5 Replies Latest reply on Feb 3, 2009 9:31 AM by timfox

    discarding consumer messages.

    ataylor

      This is regarding https://jira.jboss.org/jira/browse/JBMESSAGING-1214.

      If you consider the example where a consumer is receiving messages regarding a stock price then these messages are transitory. The consumer is only really interested in the newest messages. If the consumer is slow then these messages could build up and the information being received out of date. It should be possible to set the max number of messages to keep.

      My first thought is to do this in the server consumer. during the handle method if maxNumberOfMessages is set we check how many messages the queue has and if greater we we pre ack the message without delivering and return handled. The one thing I'm not sure of is how this would work with filters since only a subset of the queue may be destined for this consumer. thoughts?

        • 1. Re: discarding consumer messages.
          timfox

          It's easier and more efficient to reject messages at the server and not the client.

          What need is a header in a message HDR_SOLO_MESSAGE (or whatever).

          I sent a stock price to the queue and set the HDR_SOLO_MESSAGE to the stock ticker symbol e.g. RHT.

          When the queue receives the message, it checks to see if HDR_SOLO_MESSAGE is present, if so, it looks in its local map to see if there is already a message in the queue with the same value of HDR_SOLO_MESSAGE.

          If not, then it just adds the message as normal to the queue as normal. If so, then it removes the older reference with that header value before adding it.

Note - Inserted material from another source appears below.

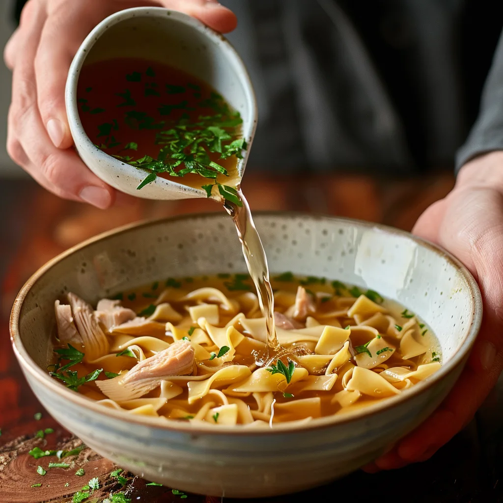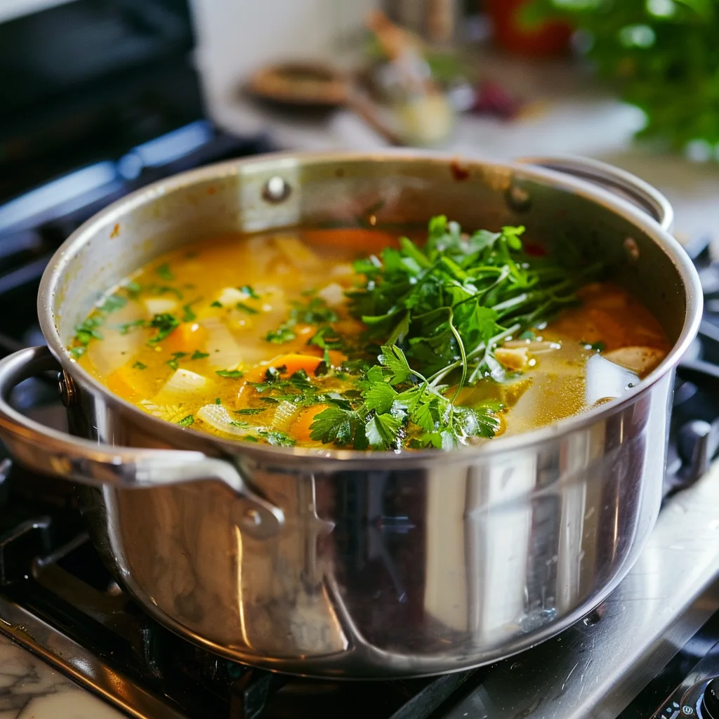 In a clean pot, melt butter and a little oil. SautΓ© finely chopped onion, carrots, and celery until they soften. Pour in that beautiful homemade broth you just made. Let it simmer until the vegetables are tender.

          In such a way there will only be the latest message for each stock ticker value in the queue at any time. I.e. only the latets price would be available.

          This can be done by subclassing QueueIpl and adding the map and extra check on routing.

          • 2. Re: discarding consumer messages.
            ataylor

            Ok, that makes sense.

            I guess the we just add a new queue setting and the queuefactory can make the correct kind of queue needed.

            • 3. Re: discarding consumer messages.
              gozilla

              Shouldn't we use the TTL for that ?

              Say, put a TTL of the lentgh of validity period for the stock price.

              That way, if the consumer is slow, old (outdated) messages are discarded, leaving only the fresh ones in the queue.

              François

              • 4. Re: discarding consumer messages.
                ataylor

                that assumes that the rate these messages are sent are consistent and you know what the interval is. You wouldn't want to delete a message if a replacement hadn't arrived and vice versa you wouldn't want to keep a message even tho a newer one had arrived but the TTL hadn't. expired

                • 5. Re: discarding consumer messages.
                  timfox

                   

                  "gozilla" wrote:
                  Shouldn't we use the TTL for that ?

                  Say, put a TTL of the lentgh of validity period for the stock price.

                  That way, if the consumer is slow, old (outdated) messages are discarded, leaving only the fresh ones in the queue.

                  François


                  Sure, nothing is stopping you setting a TTL on the message, that will work too, if that's what you want.

                  However the semantics of this are slightly different as Andy mentioned.